Highlights & Insights¶
- Insights on "High AUROC ≠ Shared Direction": This serves as a significant reminder for the entire probing methodology—linear separability does not imply a single separable direction. This can be generalized to probe studies of other linguistic properties.
- Heterogeneity of Rhetorical Questions: RQs are not a single attribute but span a spectrum from local syntactic markers to global rhetorical strategies, consistent with linguistic theory.

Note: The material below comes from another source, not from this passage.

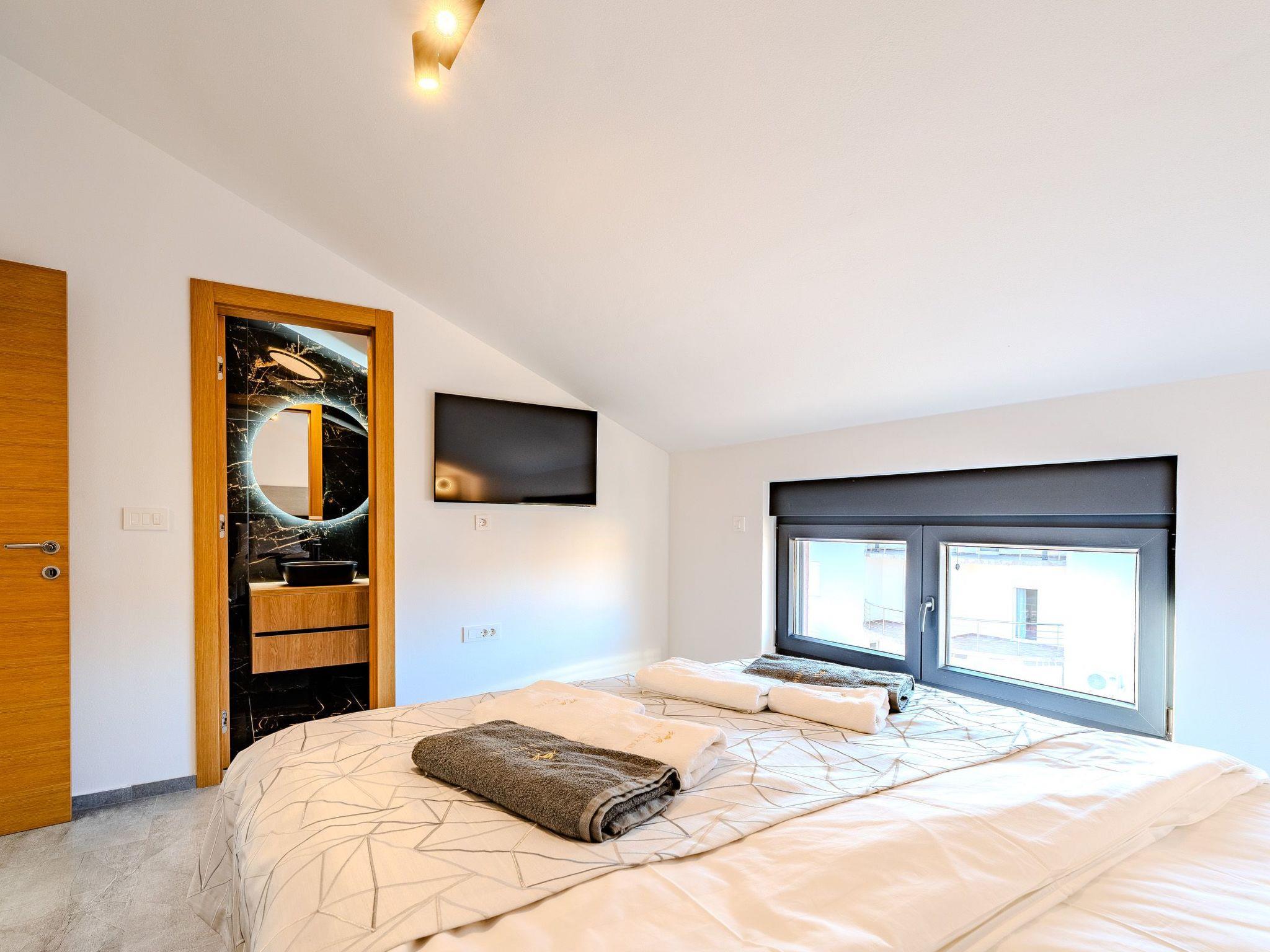 The nearest beach is 100 metres from the flat. The distance from the centre of the island of Vir is 3000 m. The market is 500 metres from the flat, as is the distance from the restaurant.

- Asymmetry of Top vs. Bottom: Ranking consistency is higher for info-seeking questions and lower for RQs—suggesting that "non-rhetorical" is relatively homogeneous, whereas "rhetorical" is heterogeneous.
Limitations & Future Work¶
- Experiments were conducted only on two social media datasets, excluding formal styles (e.g., academic papers, news).
- Only linear probes were used; non-linear representational structures were excluded.
- No systematic causal intervention experiments were performed—linear separability does not equal linear controllability.
- Future work should combine Sparse Autoencoders (SAE) or causal intervention methods to verify the causal efficacy of the RQ direction.
Related Work & Insights¶
- vs. Ikumariegbe et al. 2025: They studied RQs within a QA classification framework, focusing on predictive accuracy; this paper delves into the representation level to reveal the directional heterogeneity behind accuracy.
- vs. Marks & Tegmark 2024 (diffMean): This paper uses their diffMean method as one of the baselines but finds that diffMean and trained probe directions are inconsistent, suggesting that while diffMean is simple, it may miss some signals.
- vs. Sparse Autoencoder methods: SAE can decompose activations into interpretable feature directions, which could be used in the future to validate the multi-direction hypothesis found in this study.
Rating¶
- Novelty: ⭐⭐⭐⭐ First systematic analysis of rhetorical question encoding in LLM representations.
- Experimental Thoroughness: ⭐⭐⭐⭐ Comprehensive analysis across multiple probes, models, and metrics.
- Writing Quality: ⭐⭐⭐⭐⭐ Clear logical chain, progressing from phenomena to analysis and qualitative validation.
- Value: ⭐⭐⭐⭐ Insightful for both probing methodology and rhetorical understanding.